How did you get into FMA and what keeps you going?

Discussion in 'General' started by, Aug 16, 2010.

  1. A general thread as we've not been discussing much on here lately....

    How did you first get into FMA and what keeps you going?

    In 2001 I left my native UK and went to train at Emin Boztepe's WT gym in Hollywood.

    They had a great program where you paid $80 a month and could train for 20 hours a week in WT and Latosa Escrima morning and evenings as much as you wanted.

    That was my first exposure to Eskrima really. I think they had a few sticks at some WT classes in England but not really anything formal.

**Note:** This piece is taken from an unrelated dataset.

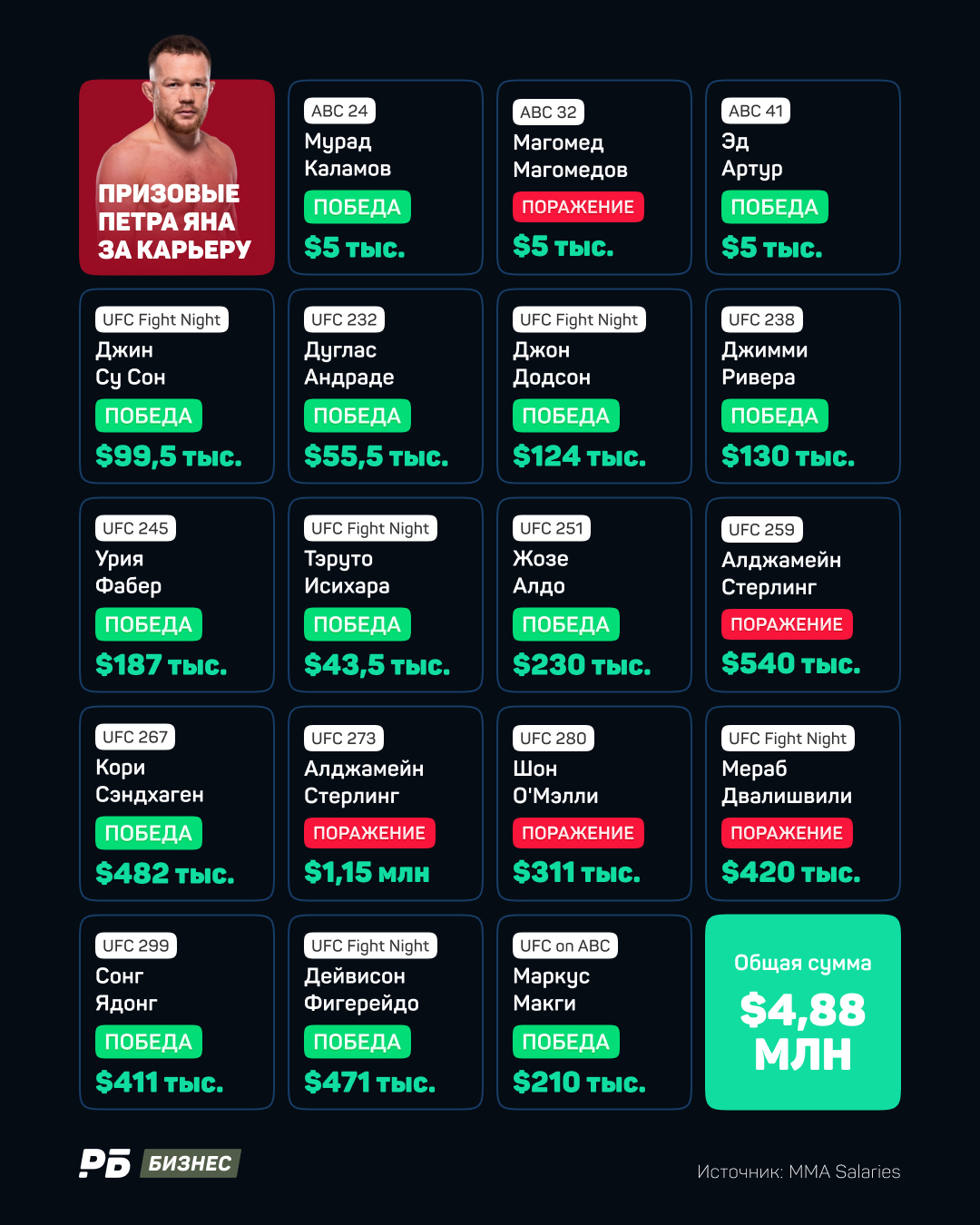 «Пётр сказал, что сумма, с которой он был бы готов завершить свою карьеру, составляет $5 млн. Я думаю, что $5 млн за карьеру он точно заработает. Это минимум и самая низкая планка. Можно заработать больше», – говорил Саят Абдрахманов.Больше Ян точно заработает. Сообщается, что поединок с Двалишвили принесет Яну около $500 тыс. Таким образом, российский боец уже сегодня ночью незначительно, но превзойдет минимальную программу по карьере. Сам грузин за защиту титула сможет заработать порядка $2 млн. Причем это даже не самый большой гонорар Двалишвили в UFC: ранее он зарабатывал $2,34 млн за один поединок.

    Like most people; I thought to myself "When is anybody going to be stupid enough to attack me when I was carrying a rattan stick?!" However, the instructors showed how anything can be a weapon and how to deal with common weapons like baseball bats, lead pipes etc without a weapon. This really opened my eyes. So I went to all the classes and picked up a couple of grades at the end of my 9 months of study (I went back in 2002). I didn't really develop a "Bug" for it though.

    The particular style didn't seem a good fit for me and I was obsessed with the WT at that time. I ended up hitting myself with the stick a lot and it just didn't click!

    Several years down the line I moved to the Philippines and thought I'd be stupid not to explore what arts there are here. So I got back into it a found something that suits me a lot better.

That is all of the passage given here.